Exercise objective. Copy each line below exactly as it appears. Pictures are to be omitted.

Records for the task.
++++++++

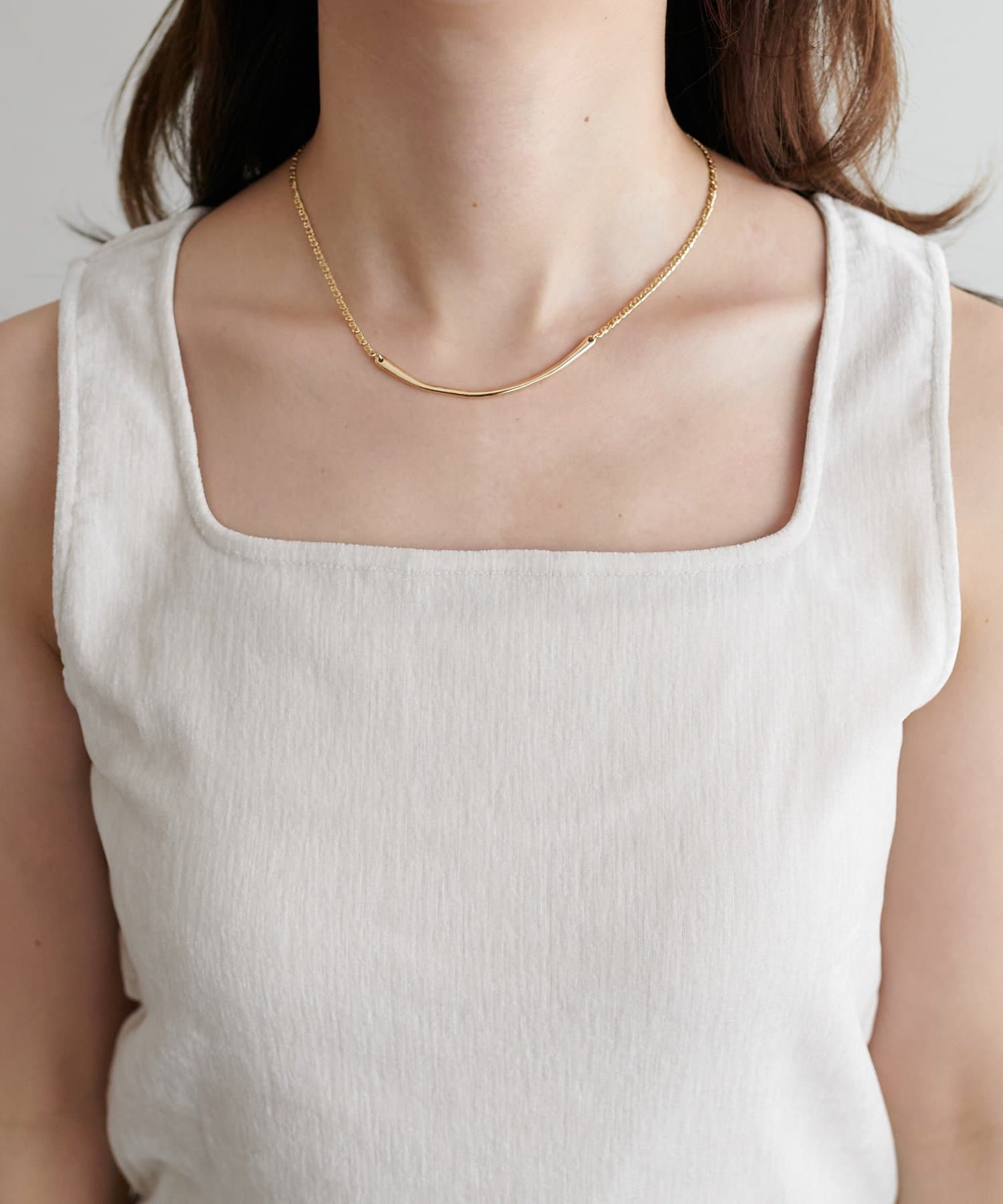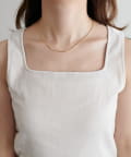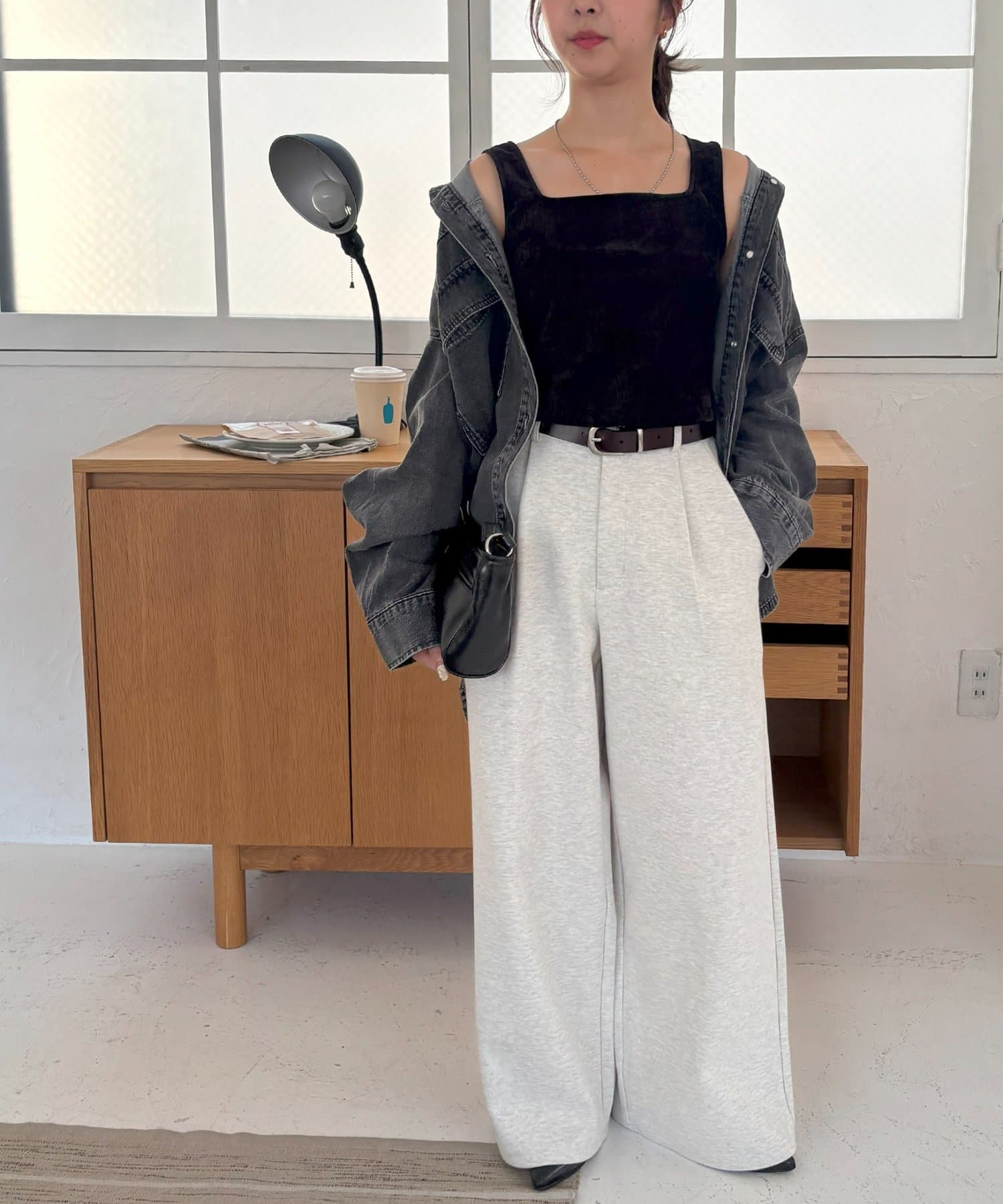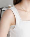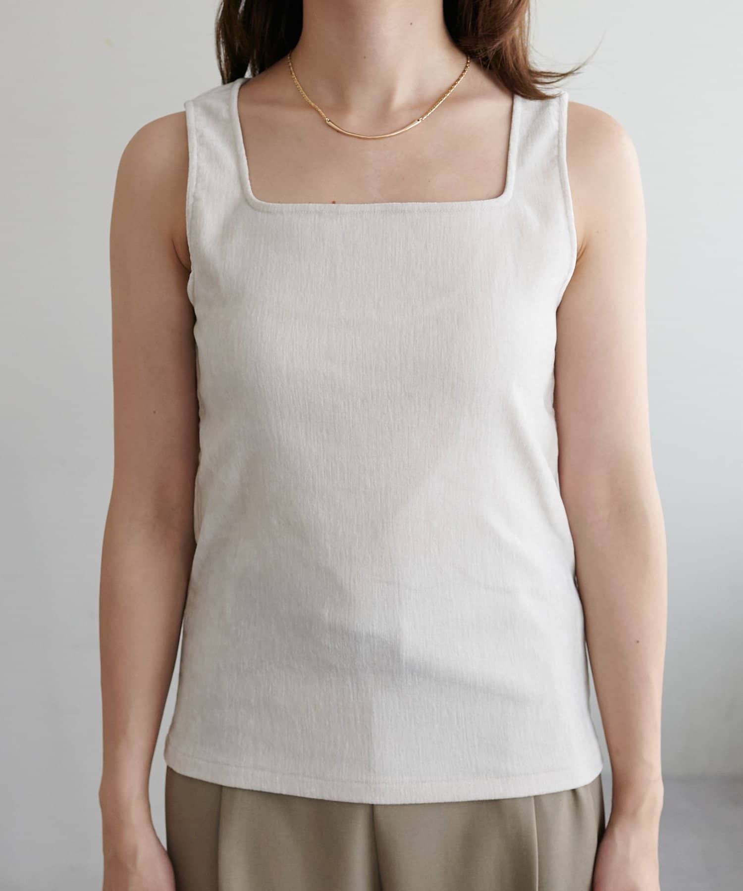 タンクトップは、鎖骨がきれいに見えるスクエアネック仕様で、女性らしさとモード感を兼ね備えたシルエットが魅力。
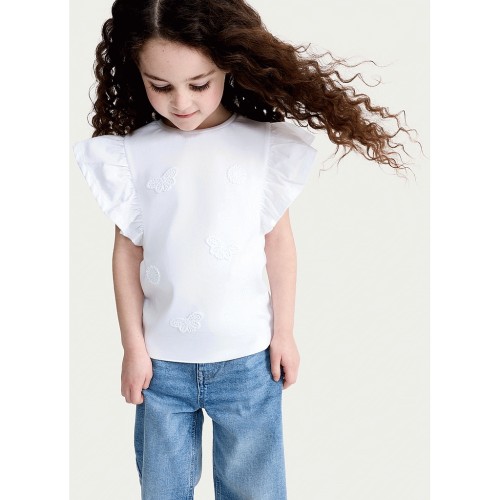 F&F Girls Pure Cotton Butterfly Embroidered T-Shirt in White
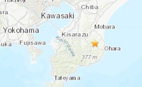 中新网5月25日电 据美国地质勘探局网站消息,北京时间25日14点20分,日本千叶县发生5.0级地震,震源深度30.4千米。
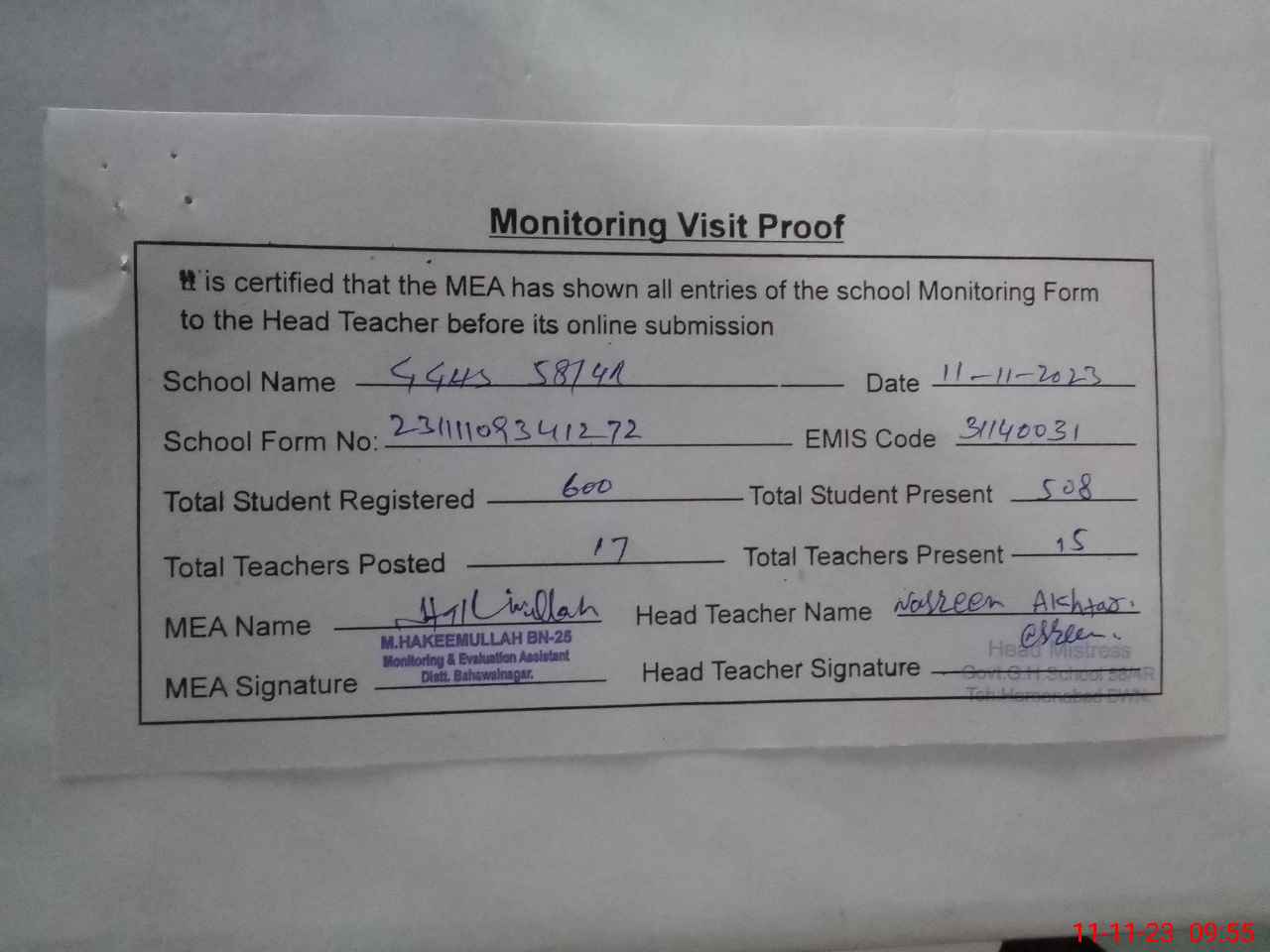 | Attendance Register | Head Teacher | MEA with School | Visit Proof |
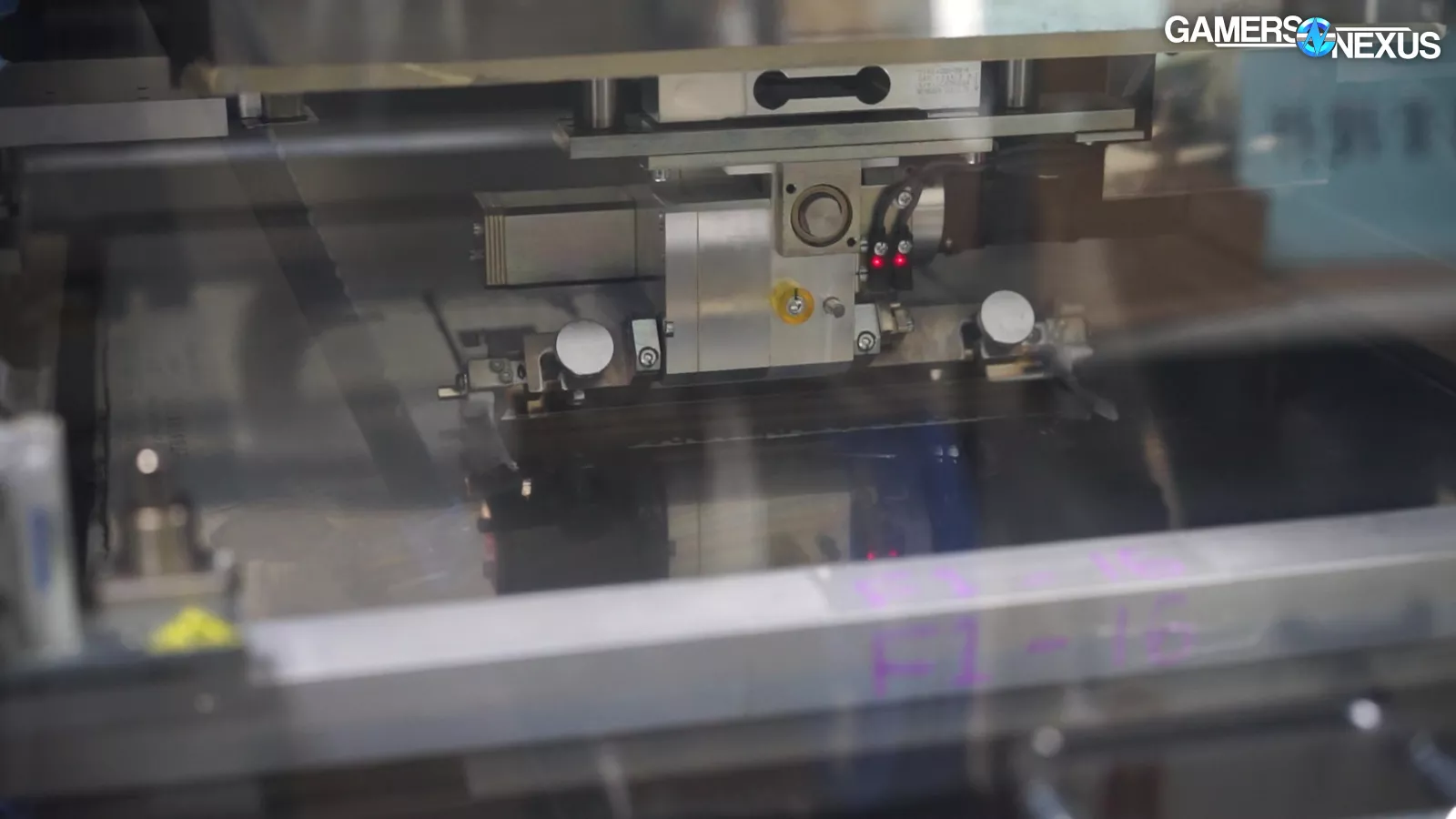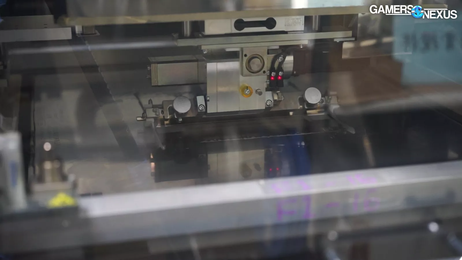 We also have a few shots where they paused the line for us to see the interior of the machines, but they had to be turned off for these shots. You can see each of the reels feeds into this like ammo belts, with the moving head actuated by gas lines and compressed air.

++++++++

Solution to the problem.
 タンクトップは、鎖骨がきれいに見えるスクエアネック仕様で、女性らしさとモード感を兼ね備えたシルエットが魅力。
 F&F Girls Pure Cotton Butterfly Embroidered T-Shirt in White
 中新网5月25日电 据美国地质勘探局网站消息,北京时间25日14点20分,日本千叶县发生5.0级地震,震源深度30.4千米。
 | Attendance Register | Head Teacher | MEA with School | Visit Proof |
 We also have a few shots where they paused the line for us to see the interior of the machines, but they had to be turned off for these shots. You can see each of the reels feeds into this like ammo belts, with the moving head actuated by gas lines and compressed air.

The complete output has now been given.